Even China’s 1.4 billion people wouldn’t be able to fill all the vacant flats strewn around the nation, a former official claimed on Saturday in a rare instance of public criticism of the crisis-hit real estate sector in the nation.
The once-important Chinese real estate market has been in free fall since the year 2021, when China Evergrande Group, a massive developer, stopped paying its debts as a result of restrictions on new borrowing.
Even now, well-known developers like Country Garden Holdings remain perilously near to going bankrupt, which keeps buyers’ confidence low.
According to the most recent data from the National Bureau of Statistics (NBS), the aggregate floor area of unsold residences as of the end of August was 648 million square meters (7 billion square feet).
Using an average home size of 90 square meters, that can be equivalent to 7.2 million residences.
The majority of empty space according to experts, is made up of vacant properties that were bought by speculators during the previous market upturn in 2016 and numerous residential projects that have previously been sold but have not yet been finished due to cash flow issues.

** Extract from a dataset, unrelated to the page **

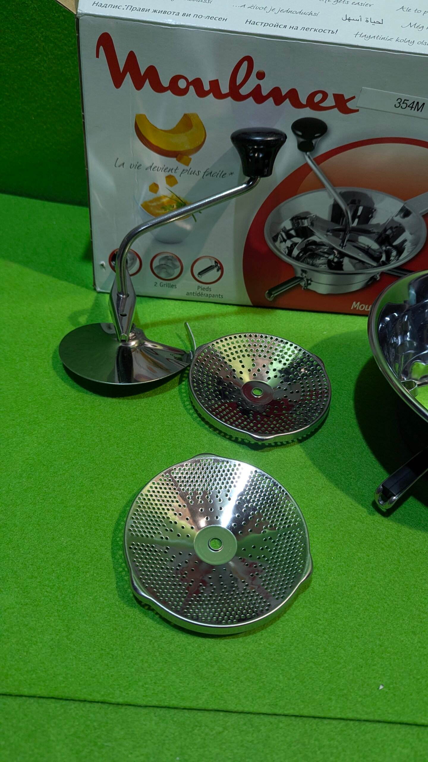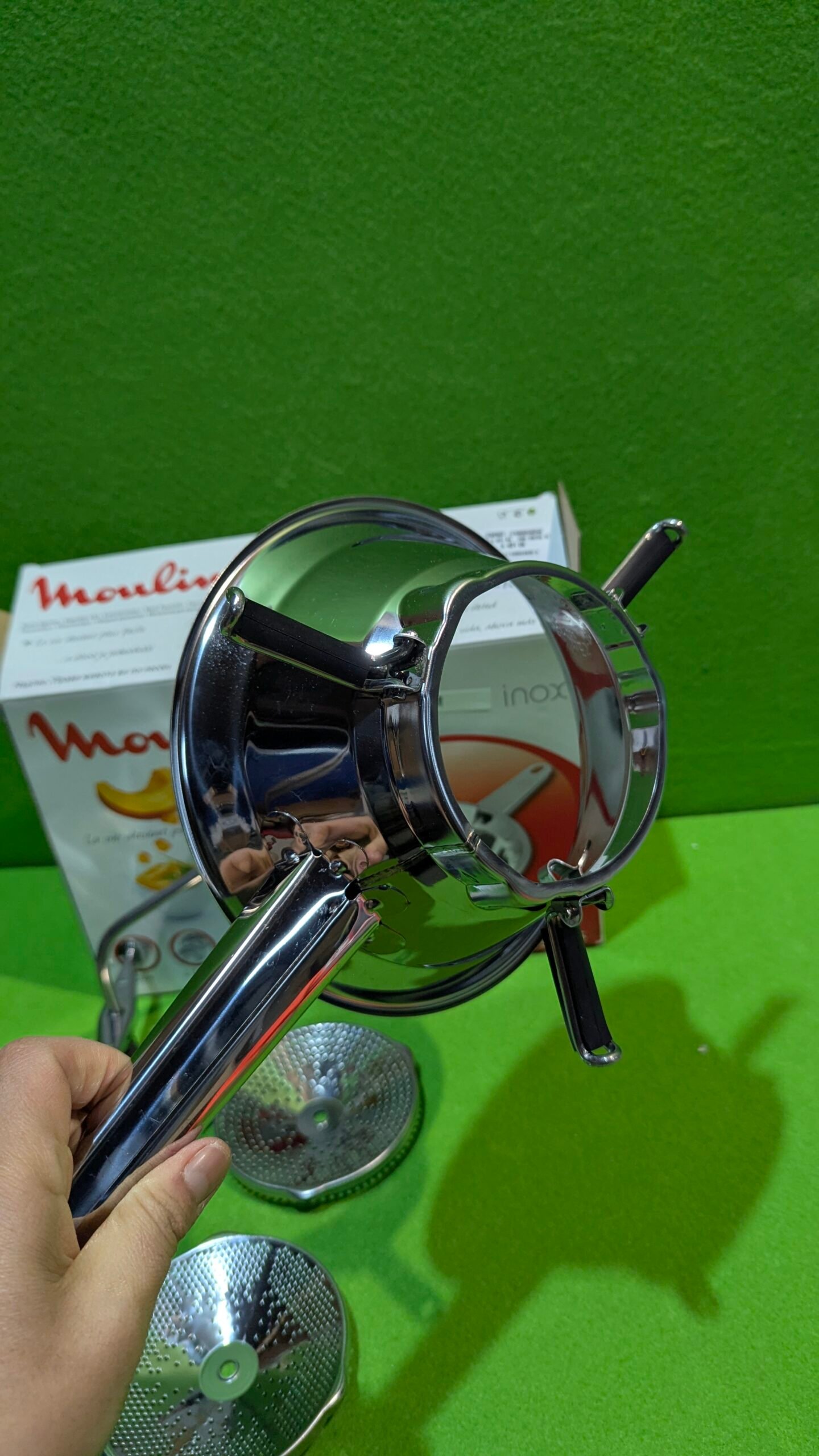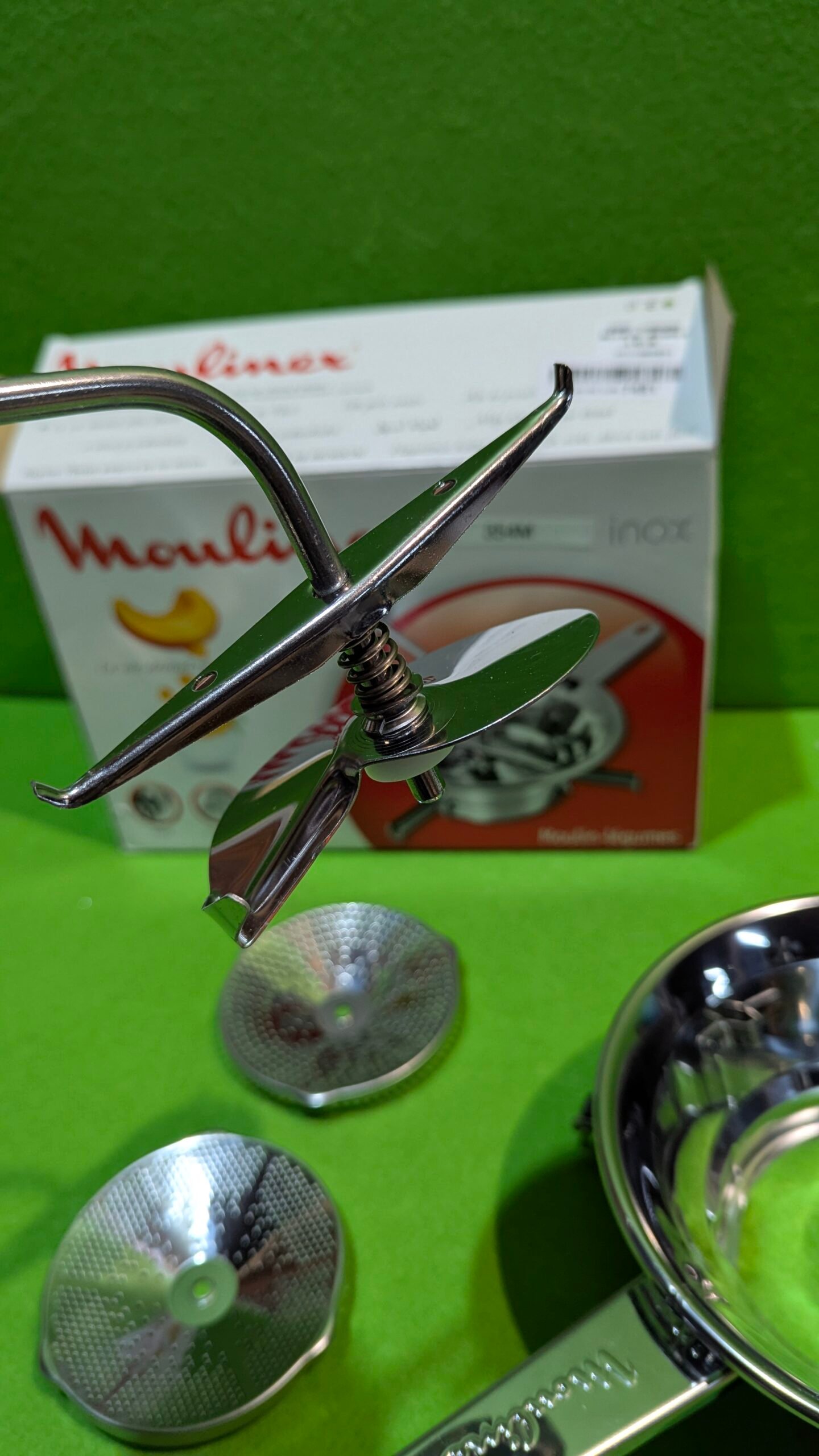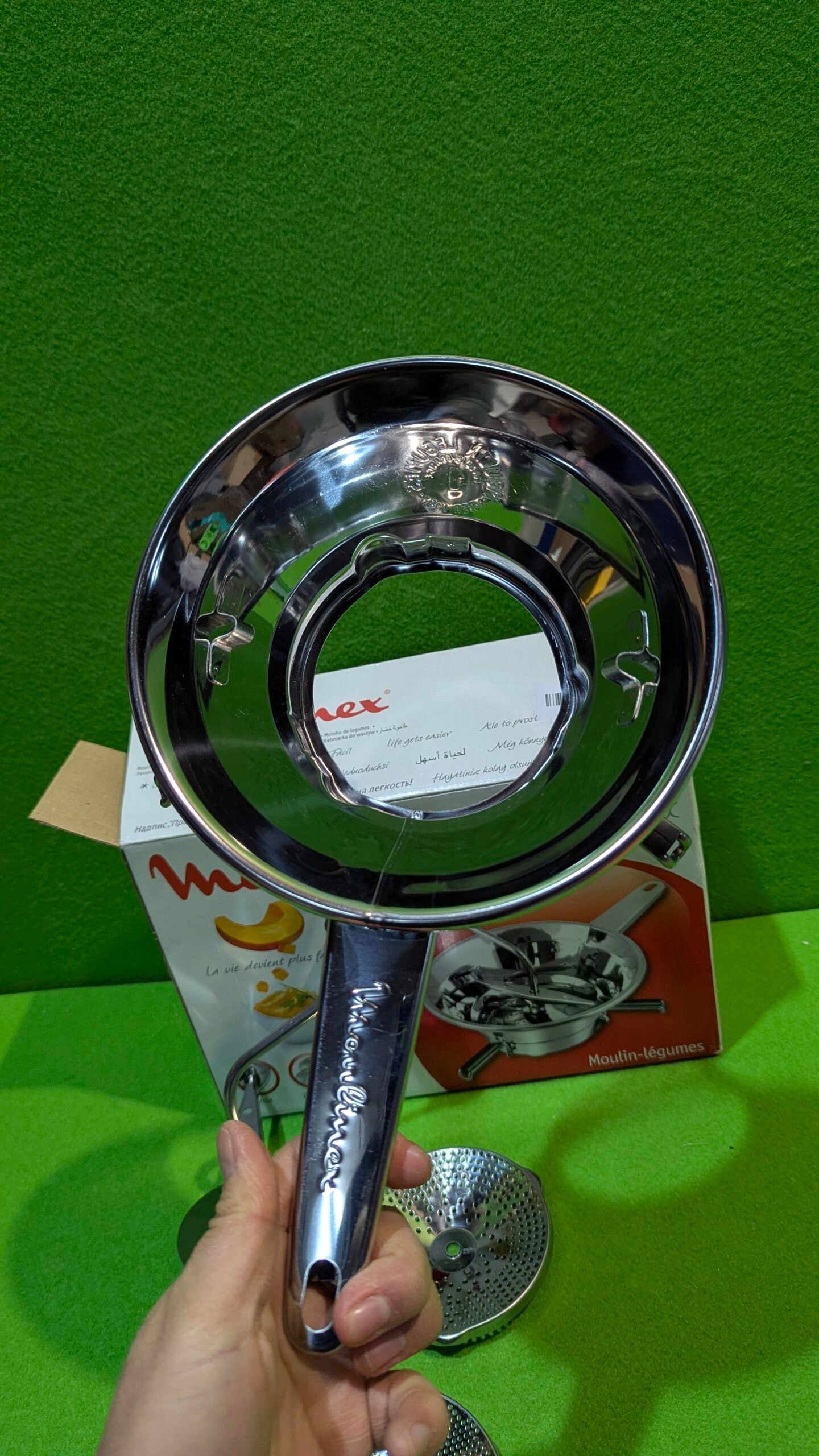 Moulinex Classic – Molinillo de verduras manual, incluye dos parrillas, acero inoxidable, tamaño pequeño, apto para lavavajillas, fácil de usar para purés, sopas y compotas, A40106

How many empty homes are there currently? The most extreme expert claims there are already enough empty dwellings to house 3 billion people, according to each expert’s estimate, according to He Keng, 81, a former deputy director of the statistics department.
He stated at a symposium in the southern Chinese city of Dongguan according to a video provided by the government-run China News Service,
“That estimate might be a bit too much, but 1.4 billion people probably can’t fill them.”
In a public forum, he expressed a poor opinion of the economically significant sector, which is in stark contrast to the official claim that the Chinese economy is “resilient.”
A foreign ministry official recently stated at a news conference that while there have been numerous predictions of the collapse of the Chinese economy, what has actually collapsed is such hyperbole, not the Chinese economy.